• Your instructions:
Each line from the one containing "最终返回的 Exporter 实现了" through the last line of the records is to be repeated exactly, with all pictures left out.

#####

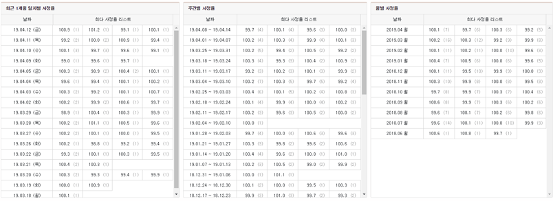그 다음, 해당 검색 기간의 주간별 최다 빈도 사정율 4개를 보여줍니다.
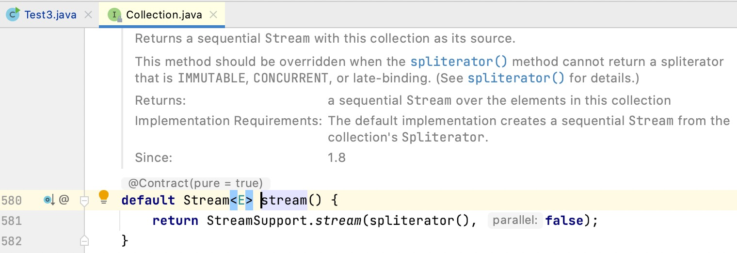 /** * Returns a sequential(串形) {@code Stream} with this collection as its source. * * <p>This method should be overridden when the {@link #spliterator()} * method cannot return a spliterator that is {@code IMMUTABLE(并发的)}, * {@code CONCURRENT(不可变的)}, or <em>late-binding(延迟绑定的)</em>. (See {@link #spliterator()} * for details.) * * @implSpec * The default implementation creates a sequential {@code Stream} from the * collection's {@code Spliterator}. * * @return a sequential {@code Stream} over the elements in this collection * @since 1.8 */
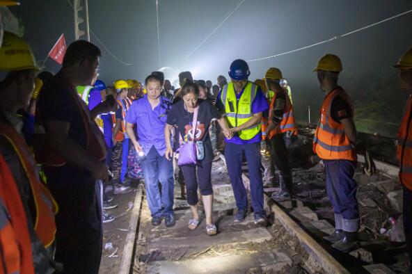 中鐵十四局調(diào)集300余名職工組成7支救援隊(duì),連夜翻山越嶺抵達(dá)搶險(xiǎn)一線,8月3日凌晨,在峽谷塌方前,組成“人墻”護(hù)欄,幫助Z180次列車503名乘客疏散到安全地帶。
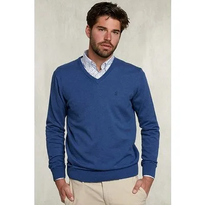 River Woods Basic V-neck Pullover Deep Blue Mix Blue
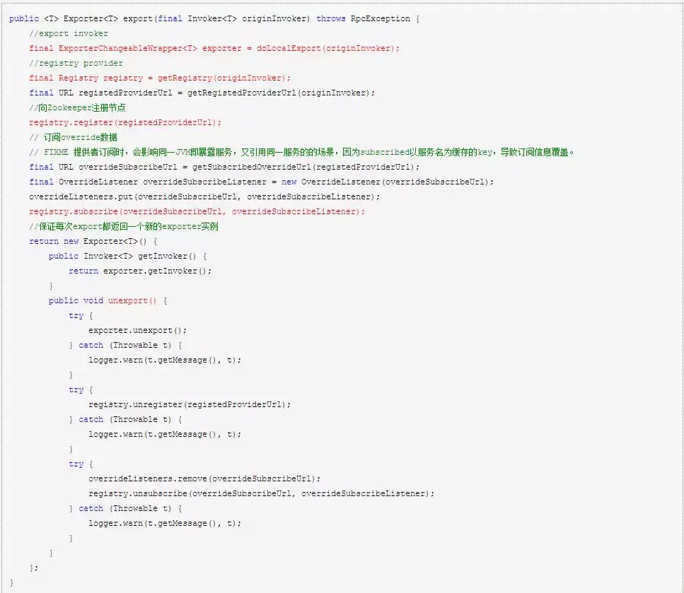 最终返回的 Exporter 实现了 unexport() 方法,这样在服务下线时清理相关资源。
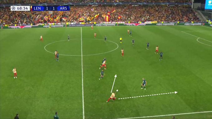 Возьмем матч с «Лансом» в Лиге чемпионов. В этой встрече Зинченко выдал две невероятные передачи. Одна была для Леандро Троссарда, который ворвался в штрафную площадь.
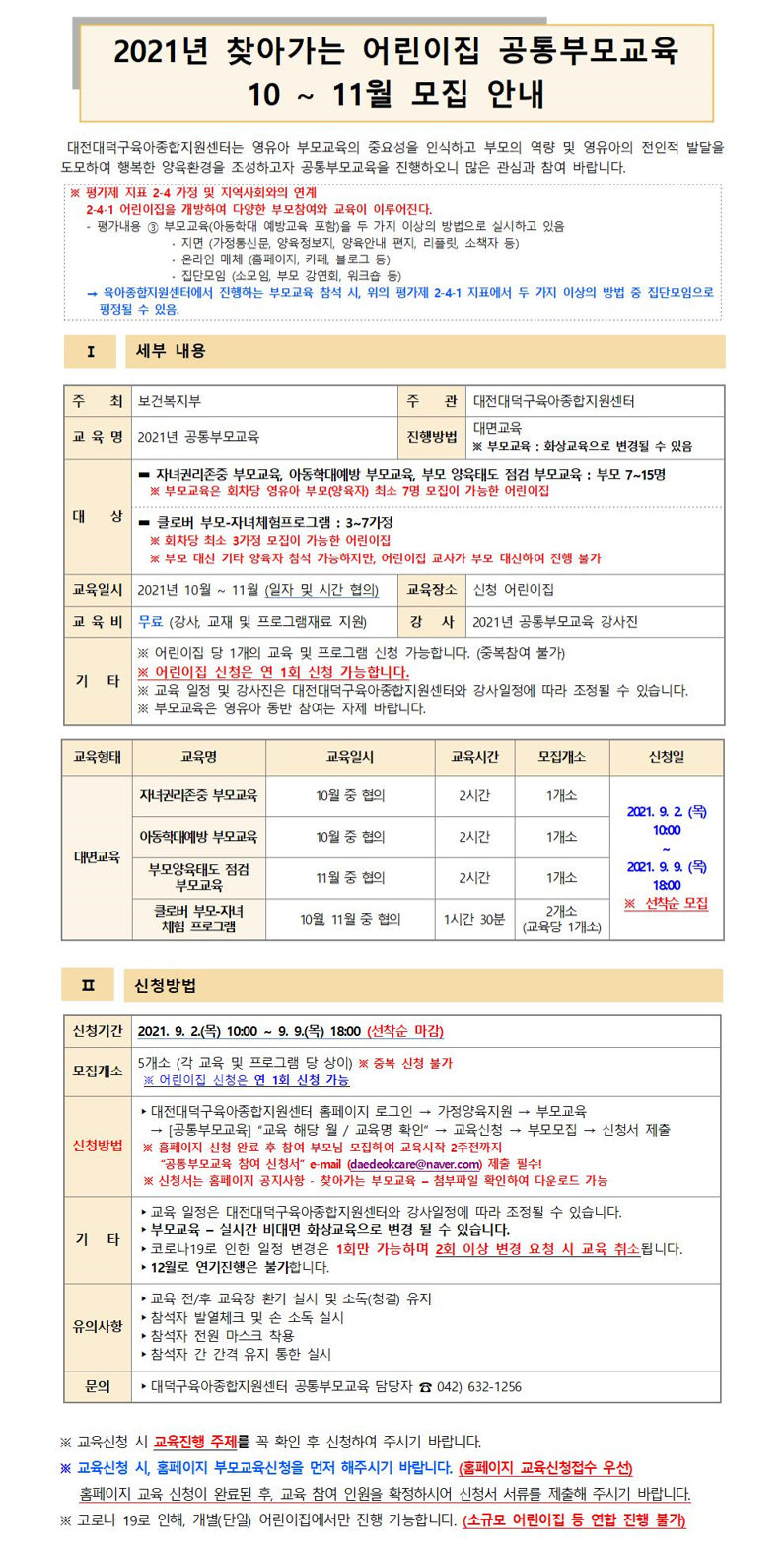 [공통부모교육] 2021년 찾아가는 어린이집 공통부모교육 10~11월 모집
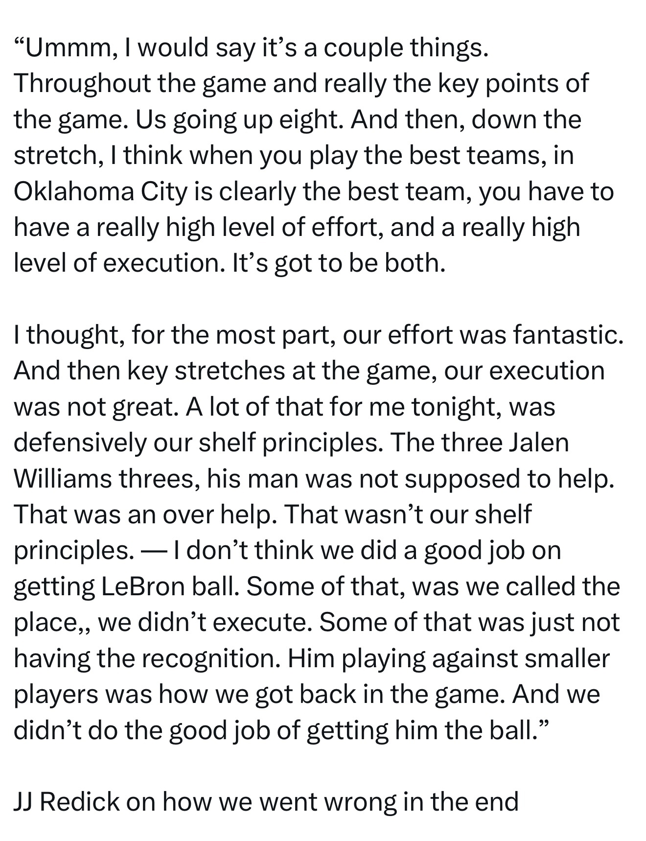 “嗯……我认为问题出在几个方面。贯穿整场比赛,尤其是在关键时刻——当我们领先8分时,以及最后收官阶段。面对联盟顶级球队,比如俄克拉荷马城(雷霆)显然是这样的球队,你必须同时保持极高的努力程度和战术执行水平。

#####

• Written solution:
 最终返回的 Exporter 实现了 unexport() 方法,这样在服务下线时清理相关资源。
 Возьмем матч с «Лансом» в Лиге чемпионов. В этой встрече Зинченко выдал две невероятные передачи. Одна была для Леандро Троссарда, который ворвался в штрафную площадь.
 [공통부모교육] 2021년 찾아가는 어린이집 공통부모교육 10~11월 모집
 “嗯……我认为问题出在几个方面。贯穿整场比赛,尤其是在关键时刻——当我们领先8分时,以及最后收官阶段。面对联盟顶级球队,比如俄克拉荷马城(雷霆)显然是这样的球队,你必须同时保持极高的努力程度和战术执行水平。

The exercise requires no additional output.